Some historical processes and markers, often just moments in time, ultimately prove to be extremely attractive and powerful as far as their cinematic representations are concerned: Italian films have returned to these events again and again, while others seem to be almost fully absent from the cinematic imaginary. La Storia, therefore, does not attempt to tell an unbroken history of Italy from the Risorgimento to the present, but instead focuses on key moments which are usually considered from
several perspectives, in two or more films.

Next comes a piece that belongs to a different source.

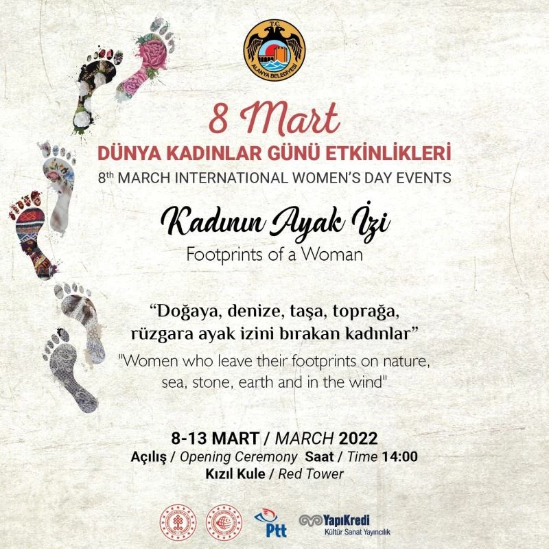 Alanya Belediyesi Kültür ve Sosyal İşler Müdürlüğü koordinasyonunda tarihi Kızılkule’de düzenlenecek sergi, Kulenin giriş katında açılacak. “Kadının Ayak İzi” başlıklı sergide, kulenin her bir gözünde başka bir konu ele alınacak. Kadın teması işlenmiş pullar, kadın figürlü paralar, Hayri Şen - Pul Koleksiyonu, Çini-Seramik yapımı, Keçe Çiçekler ve Selçuklu, Keçe Pazırık Kurganı, Kilim Sergisi ve İpek Sergisi ziyaretçilerin beğenisine sunulacak.

The Risorgimento is a productive example. In his blockbuster 1860 (1934), Alessandro Blasetti told the story of Garibaldi's campaign as a fascist creation myth, with Mussolini acting as the fulfillment of a long-standing promise. Disturbingly, it took only a slight shortening of the ending to re-release the film in 1951 and make it useful for the Christian Democrats during the post-war period. On the other hand, Rossellini's Viva l'Italia (1961), made under a state contract to celebrate 100 years of the Republic, emphasized the unfinished nature of Garibaldi's mission – corresponding to a historical moment of political realignment. Noi credvamo (2010), finally, shows the Risorgimento as a grandiose and inevitable abortion: Mario Martone repeatedly dramatizes the antagonisms between the barely manageable factions and demonstrates how noble ideas fail because of special interests. Which also turns it into a film about the Berlusconi era and its notions of history, as a clarion call to a divided left.

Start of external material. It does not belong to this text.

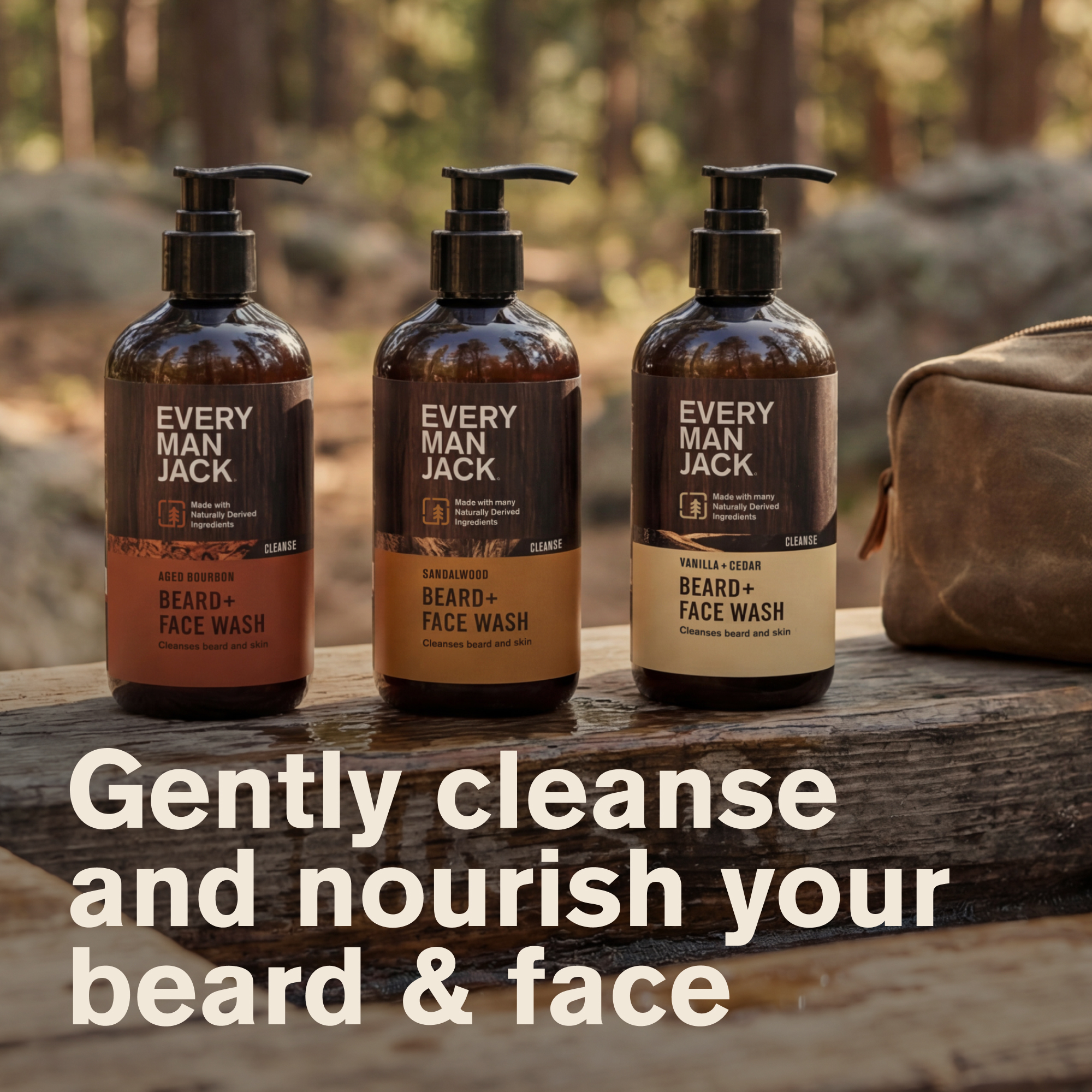 | Amazon Product Description | Every Man Jack Beard Wash Variety Pack for Men – Full Size 3-Pack Variety with Sandalwood, Vanilla + Cedar & Aged Bourbon Scents – Naturally Derived w/Aloe and Glycerin – 6.7 fl oz (3 Pack). This beard wash cleanses and nourishes your beard, starting your beard care routine with a fresh face by washing off sweat and sandwiches without drying out your follicles. The variety pack features outdoor inspired scents including Sandalwood with a warm amber and sandalwood scent complemented by vetiver and vanilla, Aged Bourbon that is sweet and smooth with a perky hint of conifers, and Vanilla + Cedar that is smooth with a hint of ruggedness. The formula contains naturally derived ingredients that gently cleanse and hydrate your beard and the face below with coconut-based cleansers and Aloe Vera. The brand is trusted by more than 5 million men, born at the base of Mt. Tam, CA, proudly made in the US and B Corp Certified, and loved by millions of men the world over. Every Man Jack offers the dream team of beard care products from daily beard wash and hydrating oil to moisturizing butter or styling balm, putting together an all-star squad to complete your beard care routine. |

Other examples of this principle are the "doubles" about the Neapolitan uprising of September 27-30, 1943 ('O sole mio! and Nanni Loy's Le quattro giornate di Napoli), or about the circumstances of Salvatore Giuliano’s death in 1950 and the May 1, 1947 massacre at Portella della Ginestra (Segreti di stato and Francesco Rosi's Salvatore Giuliano), but also the series of films about Italy’s participation in "The Great War," 1915-1918. They are all threads of an unfinished fabric that cannot claim to represent any definitive version of Italian history. La Storia, therefore, functions as a kind of mosaic, a wealth of motifs, strands and references that are developed from film to film, without closure or promises of historical reassurance. Only in this sense can the retrospective be compared to Italy itself – or to any nation state, for that matter.
The program has been curated by Olaf Möller, with the support of the Italian Cultural Institute in Vienna, the Cineteca Nazionale in Rome, and many other Italian film archives.